Novità fiscali per le imprese nell'anno 2026
20/01/26

Oltre 500 iscritti (fra presenza e online) al convegno in Confcommercio Milano, gratuito e aperto alle imprese, sulle "Novità fiscali per le imprese nel 2026. La legge di bilancio e le altre disposizioni fiscali".
La Legge di Bilancio 2026 è diventata definitiva il 30 dicembre 2025, con il via libera finale della Camera dopo l’approvazione del Senato.
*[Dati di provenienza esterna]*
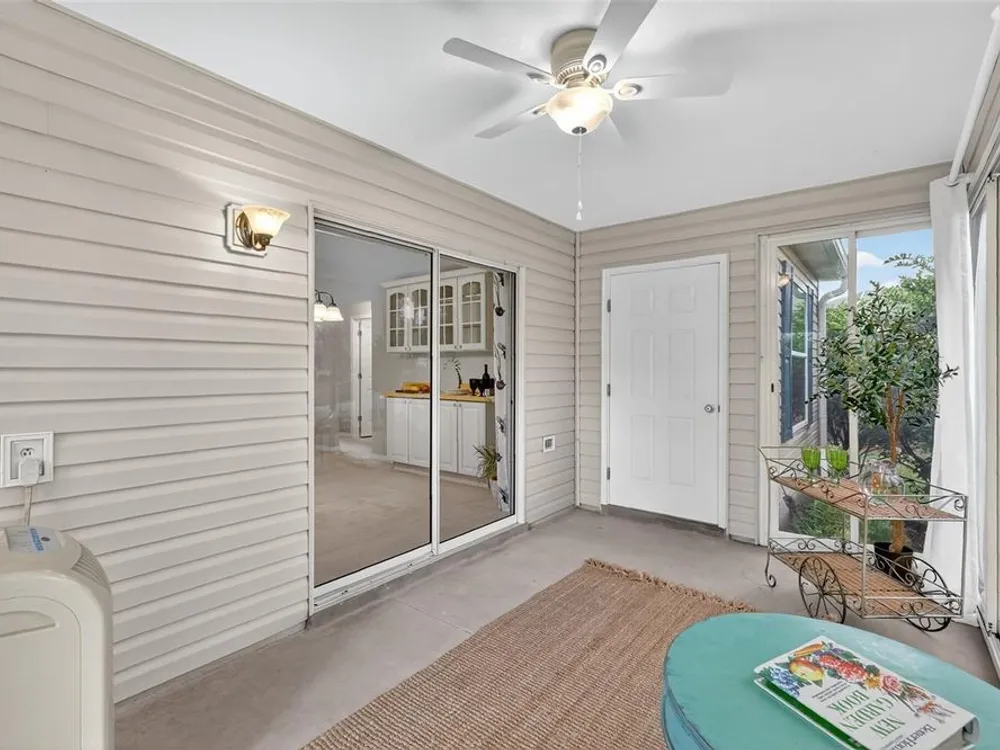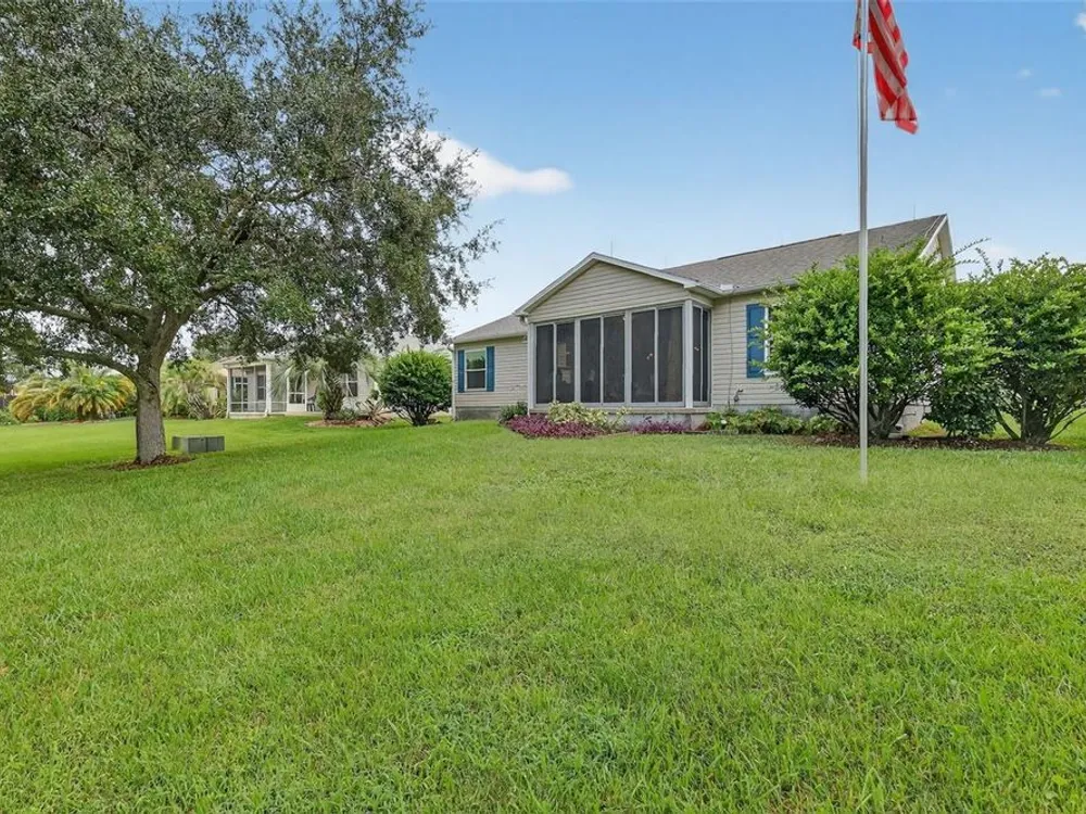 Welcome to this ONE OWNER much loved BANYAN/AMARILLO ranch home, perfectly situated near recreation, shopping, dining, and entertainment. From the moment you arrive, you'll notice the inviting front entertaining space (South Facing), ideal for morning coffee, evening cocktails, or simply enjoying the friendly neighborhood atmosphere. Inside, this home showcases Freshly PAINTED Interior throughout (9/25), Stainless Appliances with NEW GAS STOVE (9/25), OAK Cabinetry, VAULTED Ceilings, Added Cabinetry in DINING area, New Light Fixtures (9/25) STORAGE Cabinets & Work Bench in GARAGE. The primary suite is equally impressive with a large walk-in closet, ensuite with walk-in shower, LINEN Closet and seated Make up area. Your Guest will love their privacy with this split floorplan. TWO Guest bedrooms (one has a MURPHY BED), Private Bath with Tub/Shower combo and Hall Linen Closet. The back guest bedroom has separate exit into the temperature controlled ENCLOSED LANAI (North facing) with Floor to Ceiling Windows. The Interior Laundry has added cabinetry including a Pantry Cabinet. Practical updates provide peace of mind, including ROOF, Gas Water Heater, HVAC all 2019, and lightening striker protection. Make this Blank Canvas yours. LOW BOND BALANCE $1905.99

La manovra è ora pienamente operativa e introduce numerose novità fiscali, contributive e settoriali che interessano direttamente imprese, commercianti e lavoratori autonomi.
Quali sono le novità introdotte?
Sono intervenuti:
- Marco Barbieri - Segretario Generale, Confcommercio
- Maurizio Leo - Vice Ministro, Ministero dell’Economia e delle Finanze
- Vincenzo De Luca - Responsabile Settore Fiscalità di Impresa, Confcommercio
- Giampaolo Foresi - Direttore Servizi Tributari, Confcommercio Milano
- Federica Sottotetti - Responsabile Servizio Tributario, Confcommercio Milano
- Francesco Sciarini - Servizio Bilancio e Contabilità, Confcommercio Milano
Il giudizio di Confcommercio sulla legge di Bilancio è positivo: “È stata una manovra difficile perché, in termini di importo, doveva stare in un rapporto deficit/Pil sotto il 3% e quindi bisognava tenere i conti in ordine, ma sono state realizzate iniziative importanti nei confronti delle imprese" ha detto Marco Barbieri, segretario generale di Confcommercio, inaugurando i lavori del convegno “Novità fiscali per le imprese e i professionisti nell'anno 2026.
Per Vincenzo De Luca, Responsabile Settore Fiscalità di Impresa Confcommercio, la manovra di Bilancio è seria, equilibrata e responsabile. Prevede interventi per circa 22 miliardi di euro: “naturalmente l'obiettivo principale era quello di mantenere in ordine i conti pubblici, ma con alcune misure mirate sostiene il potere d'acquisto dei redditi bassi, interviene sul lavoro dipendente sul ceto medio e incentiva gli investimenti delle imprese”. Confcommercio, ha rilevato De Luca, ha svolto un'importante azione politica nei confronti del Governo su alcune misure: “Mi riferisco in particolare alla riduzione della seconda aliquota dell'Irpef dal 35 al 33 percento per lo scaglione di reddito che va da 28 mila a 50 mila euro. Si tratta di 13,6 milioni di contribuenti, il 32% del totale. Il beneficio medio a contribuente è pari a 218 euro annui, con un beneficio massimo di 440 euro l'anno. Il nostro auspicio è che si allarghi la platea di questi contribuenti affinché possano beneficiare della riduzione Irpef con l'innalzamento dello scaglione di reddito da 50 a 60 mila euro”.
“Altra misura importantissima per il nostro sistema” ha proseguito De Luca “soprattutto perché da valore ai contratti collettivi nazionali del terziario del turismo” l’inclusione anche dei contratti sottoscritti nel corso del 2024 per la detassazione degli aumenti contrattuali.
Di rilievo anche “l’aver scongiurato la stretta sulle compensazioni dei crediti d'imposta con I debiti contributivi assicurativi nei confronti di Inps e Inail”.